# Building FF Scoring Model

In [1]:
import pandas as pd
import numpy as np
import os
from sklearn.model_selection import train_test_split
import torch
from torch import nn
from torch.utils.data import TensorDataset, DataLoader
from tqdm import tqdm

In [2]:
DEVICE = torch.device("cuda" if torch.cuda.is_available() else "cpu")
print(f"Using device: {DEVICE}")

Using device: cuda


# Data Loading

In [3]:
caption_path = "./caption_data"
relevant_columns = ["cap_feat", "img_feat", "mean"]
df_list = []
for pkl in os.listdir(caption_path):
    pkl_path = os.path.join(caption_path, pkl)
    img_df = pd.read_pickle(pkl_path)[relevant_columns]
    df_list.append(img_df)


In [4]:
data_df = pd.concat(df_list)
# print(data_df.head(5))
# print(len(data_df.index))

In [5]:
# Assuming df is your DataFrame

# Combine the embeddings into a single feature array
# Note: This assumes 'cap_feat' and 'img_feat' are each a list or array of 512 floats.
X = np.hstack([np.vstack(data_df['img_feat'].values), np.vstack(data_df['cap_feat'].values)])

# Your target variable
y = data_df['mean'].values

# Split into training and testing sets
X_train, X_test, y_train, y_test = train_test_split(X, y, test_size=0.2, random_state=42)

In [6]:
class HumorRatingNN(nn.Module):
    def __init__(self):
        super(HumorRatingNN, self).__init__()
        
        self.fc1 = nn.Linear(1024, 512) # 1024 inputs (512 from image + 512 from caption), to 512 outputs
        self.relu = nn.ReLU()
        self.fc2 = nn.Linear(512, 256)  # 512 inputs to 256 outputs
        self.fc3 = nn.Linear(256, 1)    # 256 inputs to 1 output (your mean humor rating)
        
        self.to(DEVICE)
        
    def forward(self, x):
        x = self.relu(self.fc1(x))
        x = self.relu(self.fc2(x))
        x = self.fc3(x)  # No activation here, as we're predicting a continuous value
        return x

In [7]:
# Convert data to PyTorch tensors
train_tensor_x = torch.Tensor(X_train).to(DEVICE)
train_tensor_y = torch.Tensor(y_train).to(DEVICE)
test_tensor_x = torch.Tensor(X_test).to(DEVICE)
test_tensor_y = torch.Tensor(y_test).to(DEVICE)

# Create TensorDatasets
train_data = TensorDataset(train_tensor_x, train_tensor_y)
test_data = TensorDataset(test_tensor_x, test_tensor_y)

# Create data loaders
train_loader = DataLoader(train_data, batch_size=64, shuffle=True)
test_loader = DataLoader(test_data, batch_size=64, shuffle=False)

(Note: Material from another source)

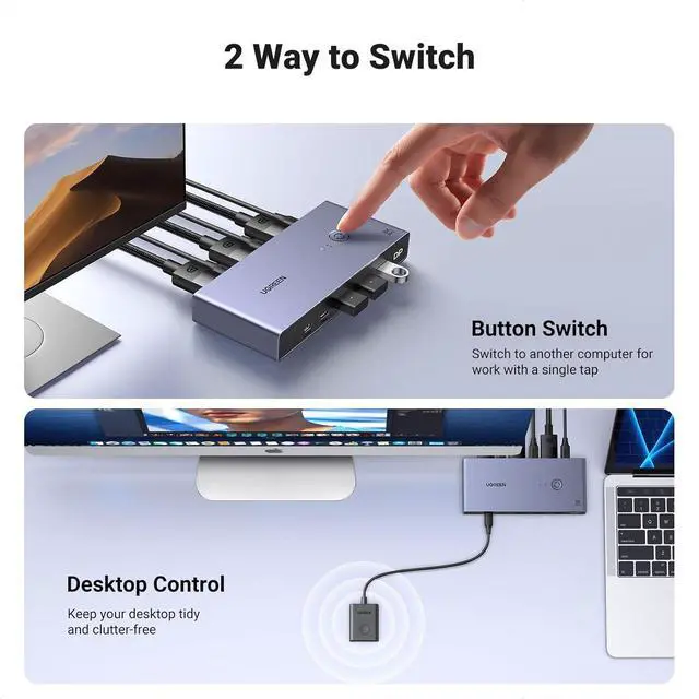 Two Switch Ways: By One-Botton switch or desktop controller, freely switch between 2 computers, saving space on your desk and sharing your display, keyboard and mouse between both computers, increasing your productivity. When the DP switch is not placed on the desktop, the controller will be a good helper for you to switch quickly. NOTE: This Displayport KVM switch does not support Hotkey Switching

# Initialize the model, loss function, and optimizer
model = HumorRatingNN()
criterion = nn.MSELoss()  # Mean Squared Error Loss
optimizer = torch.optim.Adam(model.parameters(), lr=0.001)

In [8]:
# Training loop
num_epochs = 10
for epoch in tqdm(range(num_epochs)):
    model.train()
    for inputs, targets in train_loader:
        optimizer.zero_grad()
        outputs = model(inputs)
        loss = criterion(outputs.squeeze(), targets)
        loss.backward()
        optimizer.step()
    
    print(f'Epoch {epoch+1}, Loss: {loss.item()}')

 10%|█         | 1/10 [00:37<05:33, 37.08s/it]

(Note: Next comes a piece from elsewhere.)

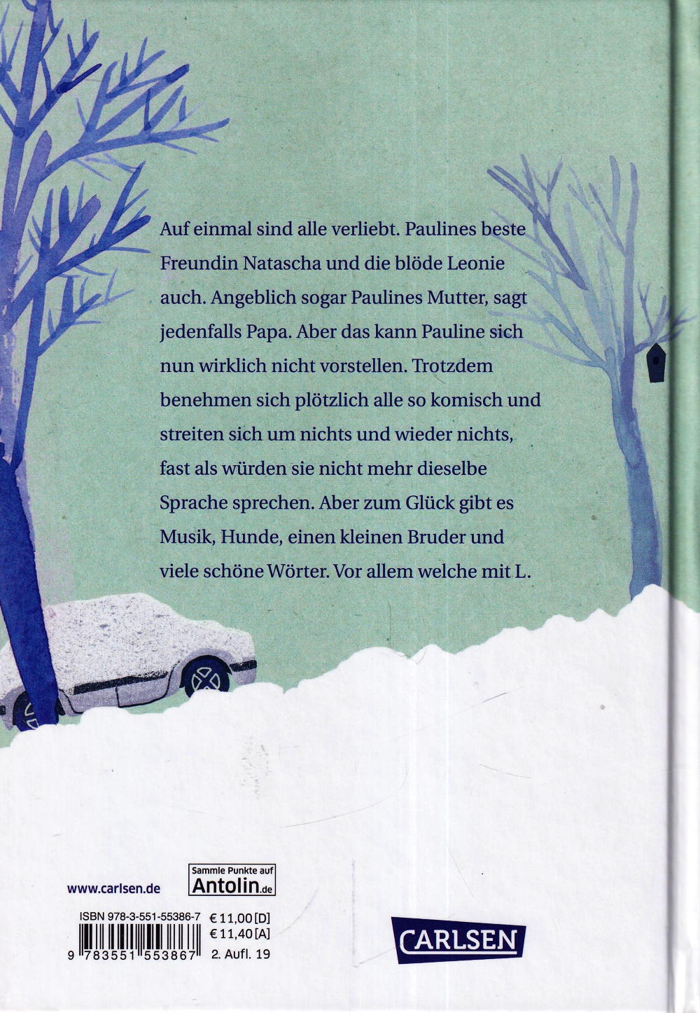 Auf einmal sind alle verliebt. Paulines beste Freundin Natascha und die blöde Leonie auch. Angeblich sogar Paulines Mutter. Aber das kann Pauline sich nun wirklich nicht vorstellen. Trotzdem benehmen sich plötzlich alle so komisch und streiten sich um nichts und wieder nichts, fast als würden sie nicht mehr dieselbe Sprache sprechen. Aber zum Glück sind da Lukas und sein dreibeiniger Hund. Vielleicht wissen die noch, wie man einfach nur einen Schneemann baut.

Epoch 1, Loss: 0.02077396772801876


 20%|██        | 2/10 [01:04<04:12, 31.62s/it]

Epoch 2, Loss: 0.022775467485189438


 30%|███       | 3/10 [01:32<03:27, 29.68s/it]

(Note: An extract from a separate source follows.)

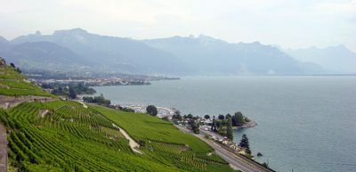 We drove around Montreux and headed away from the north shore of the lake. You can see all the vines facing south.

Epoch 3, Loss: 0.011568046174943447


 40%|████      | 4/10 [01:59<02:52, 28.71s/it]

Epoch 4, Loss: 0.02611869014799595


 50%|█████     | 5/10 [02:26<02:20, 28.00s/it]

Epoch 5, Loss: 0.012907912023365498


 60%|██████    | 6/10 [02:53<01:50, 27.63s/it]

Epoch 6, Loss: 0.018103918060660362


 70%|███████   | 7/10 [03:20<01:22, 27.40s/it]

Epoch 7, Loss: 0.010551112703979015


 80%|████████  | 8/10 [03:47<00:54, 27.28s/it]

Epoch 8, Loss: 0.01554368156939745


 90%|█████████ | 9/10 [04:13<00:27, 27.06s/it]

Epoch 9, Loss: 0.015414169989526272


100%|██████████| 10/10 [04:40<00:00, 28.05s/it]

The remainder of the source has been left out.